If you only need RDS for development/test review apps and don't care about exposing it publicly, see the Database section of the README for the simpler "public RDS + security-group allowlist" pattern. Don't run a production database that way.

Architecture

┌──────────────────────────────────────────────────────────────────────────────┐
│ Control Plane (CPLN) │
│ │
│ ┌──────────────┐ ┌──────────────────────┐ │
│ │ Workload │ ──────► │ Identity │ │
│ │ (rails app) │ │ networkResources: │ │
│ │ │ │ - name: db-primary │ │
│ │ DATABASE_URL│ │ FQDN: db.rds… │ │
│ │ = postgres:// │ resolverIP: │ │
│ │ user:pwd@ │ 10.0.0.2 │ │
│ │ db.rds…:5432/myapp │ ports: [5432] │ │
│ │ │ agentLink: │ │
│ │ │ //agent/vpc1 │ │
│ └──────────────┘ └──────────┬───────────┘ │
│ │ │
│ Wormhole (encrypted) │
└───────────────────────────────────────┼──────────────────────────────────────┘
│ outbound TLS, agent-initiated
┌───────────────────────────────────────▼──────────────────────────────────────┐
│ Your AWS VPC (e.g. us-east-2) │
│ │
│ ┌─────────────────────────────────┐ ┌─────────────────────────┐ │
│ │ Auto Scaling Group (Agents) │ ────► │ RDS / Aurora cluster │ │
│ │ - 2× EC2 (t3.medium+ prod) │ 5432 │ private subnets only │ │
│ │ - Ubuntu 24.04 LTS │ │ SG: allow from agent │ │
│ │ - SG: egress to RDS SG:5432 │ │ SG only │ │
│ └─────────────────────────────────┘ └─────────────────────────┘ │
└──────────────────────────────────────────────────────────────────────────────┘

Key properties:

  • The Agent dials out to CPLN over TLS. No inbound from CPLN to your VPC is required, so RDS stays fully private.
  • Traffic through the wormhole is encrypted in transit — the agent uses WireGuard for the tunnel between your VPC and CPLN.
  • The workload reaches the resource through the wormhole. For a TLS database like RDS/Aurora, connect by the cluster's FQDN (the real endpoint) so the certificate matches; CPLN routes that FQDN through the agent because it's declared in networkResources. The short name is the resource's identifier — usable as the host only for non-TLS targets.
  • The Agent is org-scoped — one agent can serve workloads in any GVC in the org.
  • The Identity (and its networkResources) is GVC-scoped — an org with staging and production GVCs needs the same networkResources declared in each GVC's identity, but can share a single agent.

Prerequisites

  • An AWS account with:
    • A VPC with at least one private subnet for RDS and at least one subnet with outbound internet access for the agent ASG (the agent needs to reach CPLN; this is typically a public subnet or a private subnet behind a NAT gateway).
    • An RDS or Aurora cluster in the private subnets, with a security group you can edit.
    • IAM permissions to create launch templates, ASGs, and security groups.
  • A Control Plane org where you have the agent.create, identity.edit, and workload.edit permissions.
  • cpln CLI installed and authenticated against the target org.

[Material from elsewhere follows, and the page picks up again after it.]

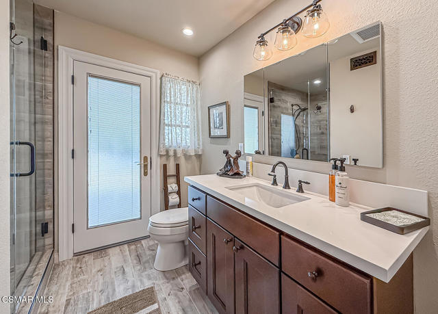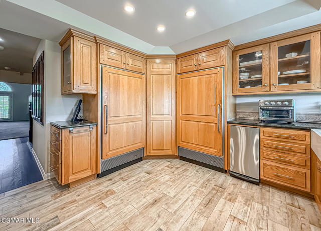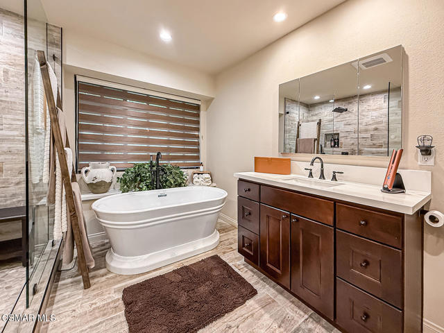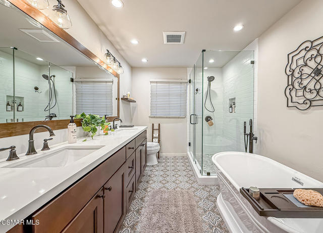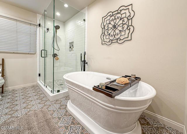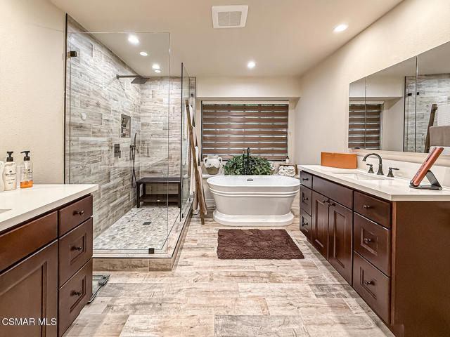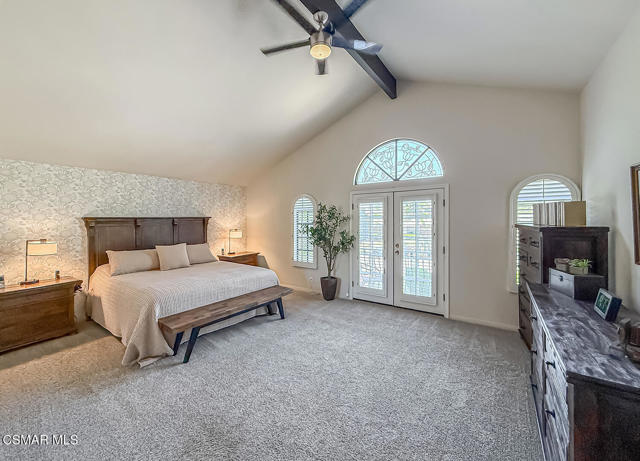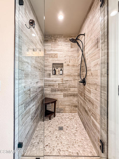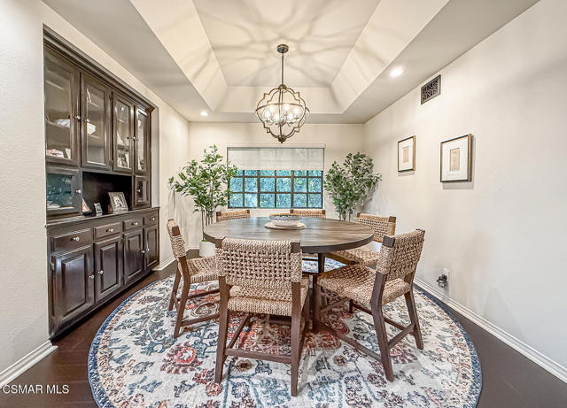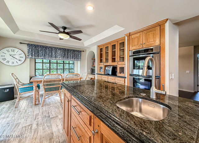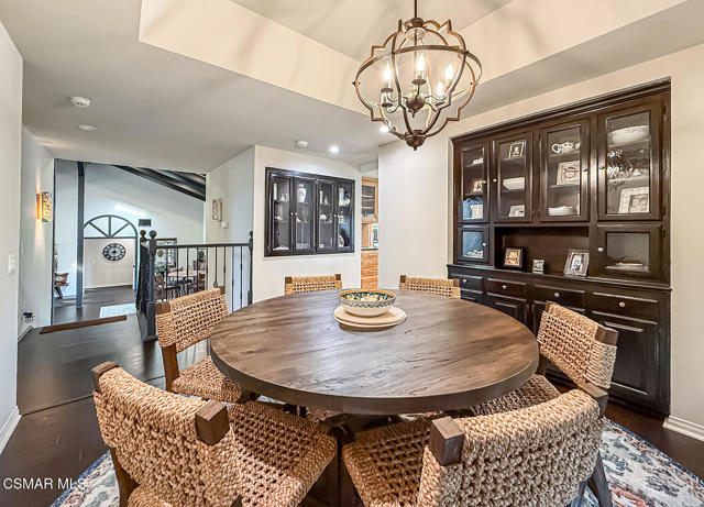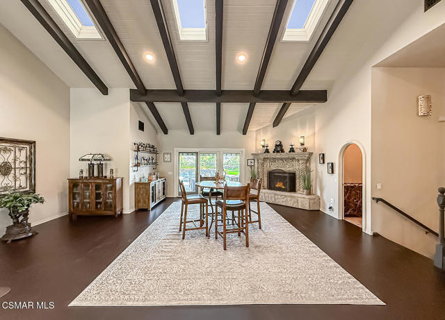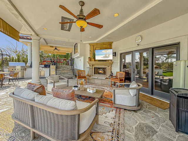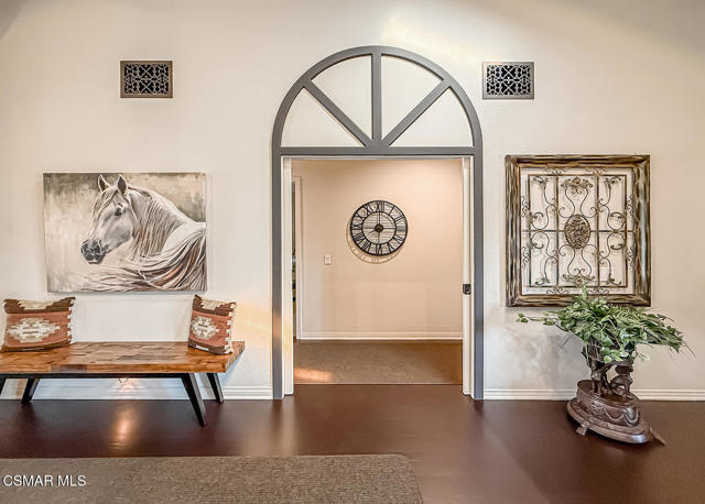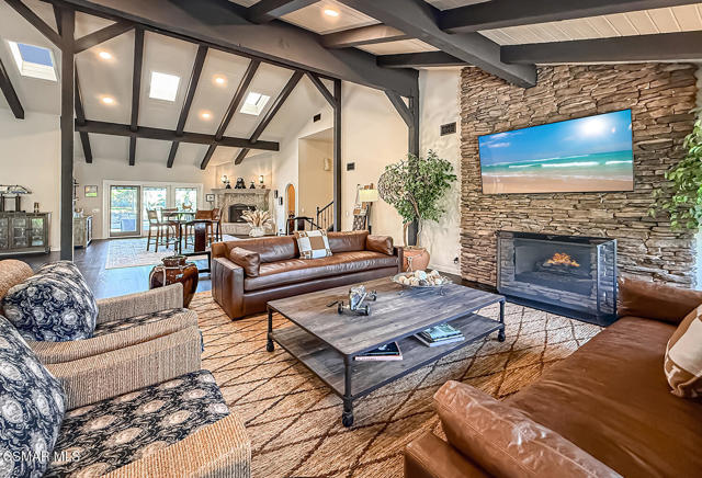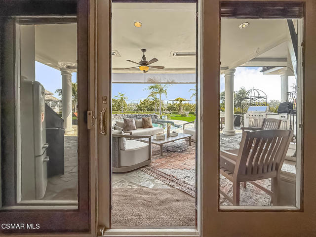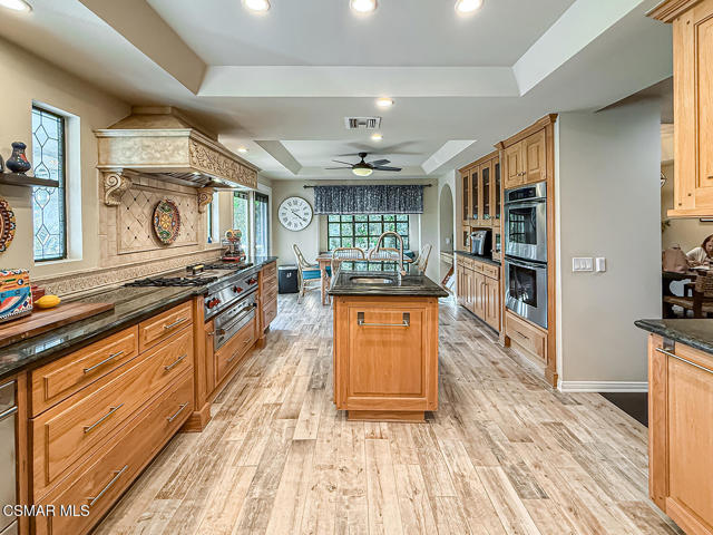 LOOK AT THIS ENTERTAINER'S DREAM OF A YARD!!Nestled in the exclusive neighborhood of Lynn Ranch, this home offers the tranquility of a cul-de-sac location in addition to the dramatic surroundings of serene canyon views and a running stream. Located on an approx. 25,000 sq. ft. lot and a house which is about 3,800 sq. ft. ~It is set back from the street accessed by an automatic dual gate and circular driveway. Not only is there a deep 2 car garage, there is enough parking for 5+ cars. This property combines rustic elegance with wood beams and stone fireplaces with luxurious amenities: secret wine cellar, saltwater pool/spa and a gourmet kitchen.Once you enter through the massive iron doors you look up at a beautiful 2 story vaulted ceiling. The gourmet kitchen with panoramic views ~ is well equipped with high end appliances (Sub-Zero, 2 ovens, glass front cabinets, an island and a deep custom sink). This home also includes modern green-features: a SOLAR SYSTEM owned by the seller (no lease) with a battery backup system-4 batteries included- All 3 baths have been remodeled~ the ensuite bath to the primary bedroom is exquisite! (Much like your own spa). The tile throughout in all 3 baths is gorgeous. Outdoor entertaining is absolutely a standout for you and any parties. There is a saltwater pool/spa, an upper terrace for dining and a lower patio complete with stainless steel built ins. To complete the dining experience there is a pizza oven! This lot is beautifully landscaped featuring lush gardens, walkways, a greenhouse, fabulous gazebo and views out to the canyon and enchanting stream below. The property backs onto the Arroyo Canyon Natural Area. The views are expansive and the sunsets dramatic! When you combine the large view lot, high end finishes, and the solar system you have a truly distinctive upscale property in Thousand Oaks-- and one you should come and preview! You will never want to leave!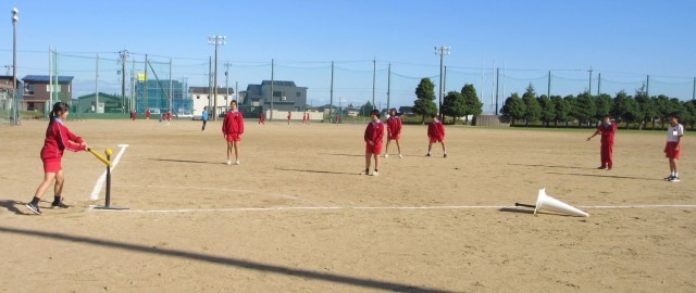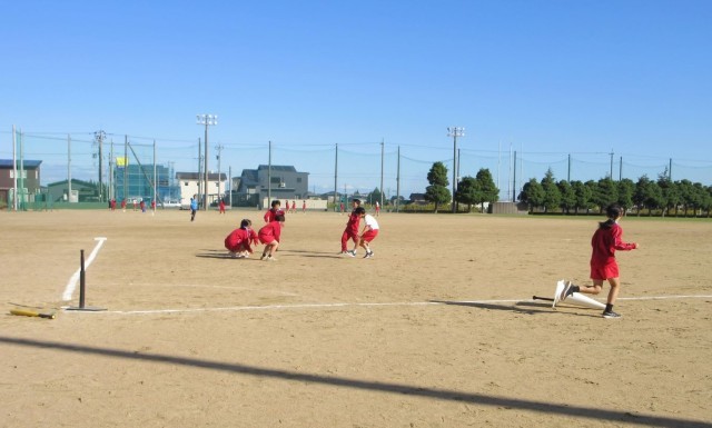 ソフトボールに取り組んでいる学級では、「みんなで協力してアウトをとろう」という目標のもと、変則ルールの「みんなで集まってアウトゲーム」に挑戦しました。「いいよ、いいよ。」「大丈夫」といった、仲間を励ます声が聞かれました。

Step 1 — Create the Agent and AWS user-data script

The CPLN UI first generates a bootstrap config for the agent, then uses that config to generate the cloud-provider script. For AWS, the EC2 Launch Template needs the generated Userdata Script — not the raw bootstrap config JSON.

  1. In the CPLN UI, go to AgentsNew.
  2. Give it a stable name (e.g. aws-us-east-2-prod). The org-scoped link will be //agent/aws-us-east-2-prod.
  3. Pick AWS as the platform.
  4. Click Create, then save the bootstrap config JSON manually or with Download Config File. Treat this like a secret. It is not retrievable after you close the modal — if you lose it, delete the agent and recreate it.
  5. Click Next and copy or download the AWS Userdata Script. This is the script you paste into the EC2 Launch Template in step 2.

If you already created the agent but still have the bootstrap config, open the agent's page, choose ActionsDownload Scripts, paste/import the bootstrap config, and copy the YAML from the Userdata Script tab.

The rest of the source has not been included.